Now, I don’t play too many games with this stuff…if someone hates you on account of you being queer, I’m not going to ask if you’ve been following your Emily Post. It’s probably safe to say that they may be a homophobe. Especially if violence, threatened or otherwise is involved. A individual queer gets attacked for being queer, that is not their fault. I don’t blame the victim.

But don’t get it twisted. Communities are not individuals. But on a macro level, we don’t get that kind of consideration. Why? Because we do have power. Maybe not enough, maybe at a high cost, but we’ve got power. In many regards, we have institutional level backing. Conflicted support, sure, but watching the dems dodge the questions last night about gay marriage should remind us that we’re in the room to ask the question, and they at least think they can’t outwardly gay bait us. Did you watch the republican debate?

I’m not celebrating, i’m still fighting. And i won’t stop until queer love has the same legal considerations as straight love. But incomplete power is still power. And that means accountability.

Journey Woman is in Trinidad these days, and finding herself torn. Go read the whole thing, but i’ll post this as a teaser.

At this point I had to fight back the urge to scream, cry and just run away from this all. This is all too much to handle at sometimes.

I want to hold on to my people and this country so tight, but I can only do this if I deny who I am. I find myself now in a bind, do I continue to blend? Or do I make a stand? Do I even have the agency and authority to make such a bold stand? Where is my safe place?

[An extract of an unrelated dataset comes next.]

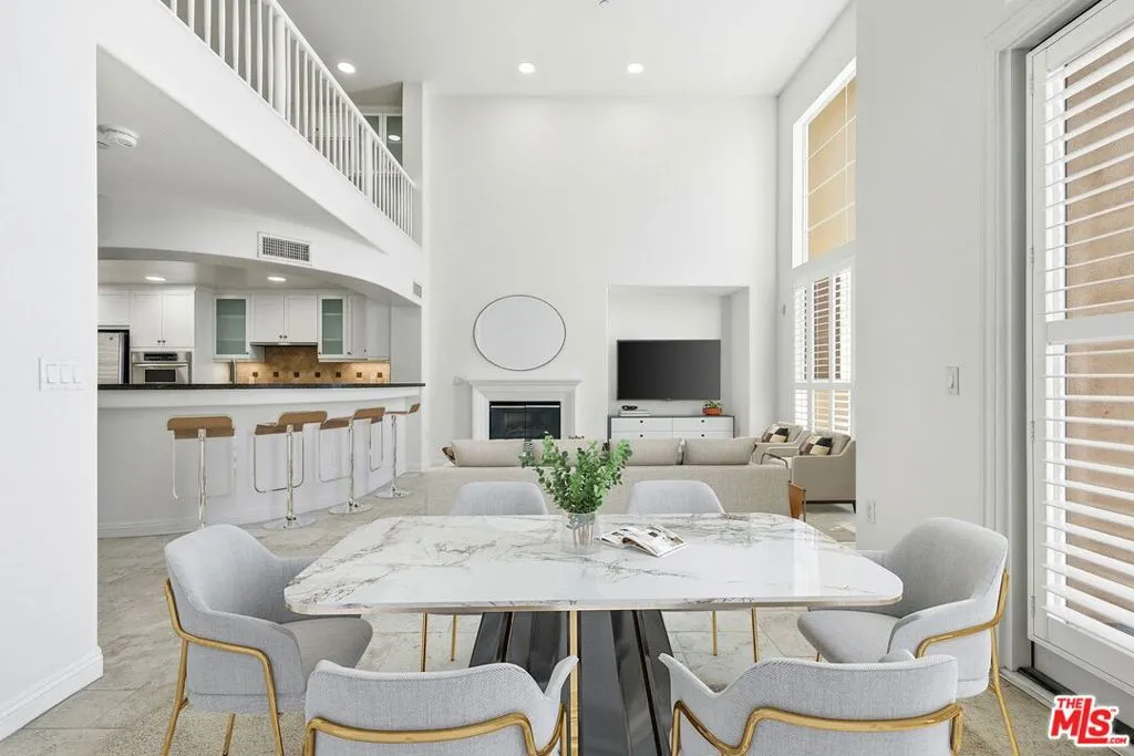 Discover elevated coastal living in this stunning top-floor penthouse in the highly sought-after Paraiso community of Playa Vista. Offering 2 bedrooms, a spacious loft, and 2.5 bathrooms across 1,886 square feet, this exceptional residence blends volume, light, and modern sophistication. Enter on the main level to a dramatic living room filled with natural light, highlighted by soaring two-story ceilings, a cozy fireplace, and a generous balcony with serene exterior views. The open-concept layout flows effortlessly into the dining area and chef's kitchen, thoughtfully designed with stainless steel appliances, abundant cabinetry, expansive counter space, and a breakfast bar ideal for casual dining and entertaining. Upstairs, the airy loft overlooks the living space below, creating a striking architectural statement while offering the perfect flex space for a home office, media room, or guest retreat. The lower level provides a private sanctuary with two well-appointed bedrooms and two bathrooms. The oversized primary suite features a walk-in closet, its own private balcony, and a spa-inspired en-suite bath complete with dual vanities, a soaking tub, and a glass-enclosed shower. A spacious guest bedroom and beautifully remodeled guest bath complete the level. Additional highlights include side-by-side laundry, abundant windows throughout, custom built-ins, and two designated parking spaces. Enjoy the best of Playa Vista living with access to premier community amenities including The CenterPointe Club, The Resort, and shopping and dining at Runway at Playa Vista. This is penthouse living at its finest--where luxury, comfort, and convenience meet.

You see, it’s a question we have to ask. Why is homophobia taking such strong root in certain places and culturess? We, as a community, can ask that without violating our own dignity because as a whole we’re not the victims. This is an externality.

Mainstream advocacy, movements, and cultures directed at and created by us are responsible for the choices we make. And some of those choices, such as unchallenged racism and complicity with traditional power structures, may be part of the fuel that feeds this fire. And even when it’s not our doing, but the cynical manipulations of others that pits communities of color against us…

We can do better than playing the victim. To the extent that we’re safe, protected by whiteness, class, or situation…we have to do better. Because we’re not bearing the cost of our actions and rhetoric. It’s become an externality, where queers of color, our alleged siblings in the struggle are taking the hit, and feeling a double alienation and a painful disconnection.

I’m a white queer, and this is the question I can be asking and the work I can be doing. I cheer on and give any (appropriate) support to movements within communities racked by homophobia that seek to challenge that. And I’m honored by the friendship of folk who are doing just that. There’s no reason for delay, no accounting to be made if we’re still the disadvantaged party who ought to wait for the other to do right. As if our open arms and healed relationships will not give those allies more strength for their work?

The bottom line is that some of us are being asked to choose between parts of themselves, made to cut their identities apart.

We have to treat our family better than that.